Trickster
have to be Ben, Lucia, and Gretchen." And in the end, Harenn had agreed.
      Lucia tapped a pad mounted to her side of the crate and the container floated upward two or three centimeters, allowing her and Gretchen to guide it out of the back of the van. Once clear of the rear doors, the crate drifted toward the ground and hovered just above the gravel driveway.
      Ben waited for a pause in Markovi's tirade. "We'll take care of everything, sir," he said. "We have enough parts in that crate to build you an entirely new system if we have to, free of charge."
      "Just fix the goddammed glitch," Markovi growled.
      "Of course, sir," Ben said meekly.
      Markovi stormed toward the office building, leaving his goon behind. Ben turned to him. "So can you show us the equipment we need to look at?"
      Gretchen, of course, remembered where everything was, but she didn't want to call undue attention to herself.
      Joe folded his arms.

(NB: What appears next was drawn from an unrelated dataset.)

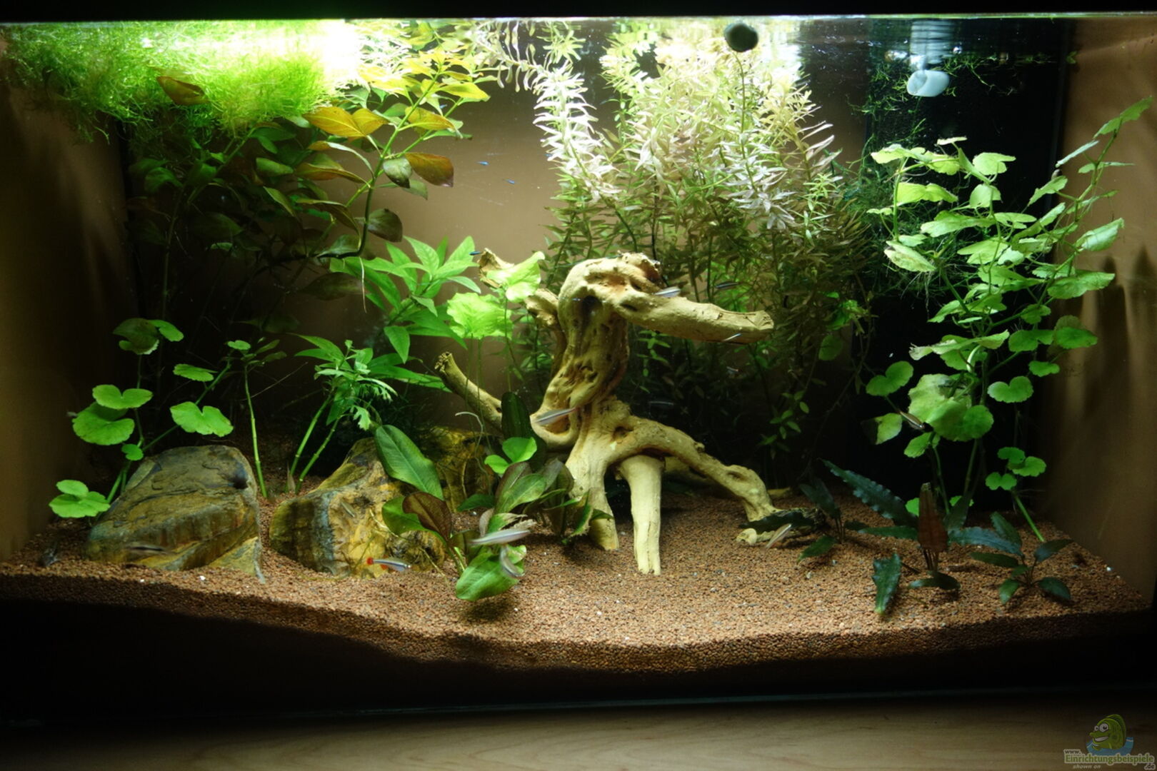 Dieses Becken besitze ich seit 2002 in verschiedenen Einrichtungen. Es wurde zuletzt im Frühjahr 2017 mit neuem Bodengrund eingerichtet. Die Rückseite sowie die Seitenscheiben sind von au??en mit brauner Acrylfarbe angestrichen.

He loomed almost a full head taller than Ben. "Computer equipment or sprinkler equipment?" he said in a heavy voice.
      "Both," Ben replied. "Once we fix the computer, we'll have to give the sprinkler system a once-over to make sure everything's okay."
      Without a word, Joe turned and walked away. Ben shot Gretchen and Lucia a glance before hurrying after him. The two women gave the crate a shove, and it slid easily forward. They guided it into the huge equipment barn Gretchen had visited and toward one of the equipment bays. Pipes clanked and gurgled, and pumps chugged steadily.
      "All the sprinkler equipment goes through here," Joe yelled over the noise. "The equipment mainframe is through that door." He pointed, and Gretchen recognized the room she had worked in earlier.
      "Got it!" Ben yelled back. "Thanks! We'll get right to work!"
      Joe gave a curt nod and left. Gretchen, who was bent over the crate, let out a sigh of relief. Ben took hold of her arm.
      "Go!" he shouted. "We'll keep things busy down here!"
      Gretchen gave a smart salute and trotted out of the equipment bay, tool belt and flashlight dragging at her hips. Once the equipment noise had faded, she tapped her earpiece.
      "Myra?" she said.
      " On-line ," said the Poltergeist's computer.
      "Track copied frequency 'Bedj-ka one' and upload tracking information to my ocular implant."
      " Working ," said the computer. A moment later, a small red arrow popped into Gretchen's field of vision along with a digital readout that said, 107 meters . The arrow pointed to Gretchen's left. Lucia's copycat had worked as advertised, detecting and copying all the broadcast frequencies used on the farm--including the one that tracked the movements of the individual slaves. Like most slave-owners, Sunnytree used slave shackles and a computer to keep its slaves from escaping. Each set of wrist- and ankle bands continually broadcast its whereabouts to the main computer and delivered a debilitating electric shock if the wearer left the boundaries of the farm. Most wristbands also monitored conversation, delivering punishing shocks if the slave spoke words such as escape or revolt . Lucia had isolated Bedj-ka's frequency and uploaded it to the Poltergeist's computer.
      Gretchen, figuring that the slaves probably weren't housed in the equipment barn, hurried toward the exit. The arrow slowly turned until it was pointing down and the numbers went up, telling Gretchen that Bedj-ka was a hundred and thirty meters behind her now.
      Outside, Gretchen paused a moment to let her eyes adjust to the hard sunlight. The smell of cacao tree mulch and cacao blossoms hung heavily on the air. The edge of the green, leafy cacao tree grove was about fifteen paces ahead of Gretchen, and she caught sight of a bunch of metal pipes rising up from the ground. A moment later, liquid sprayed from the tops of the pipes and Gretchen caught the sharp scent of chemical fertilizer. Markovi's glitch.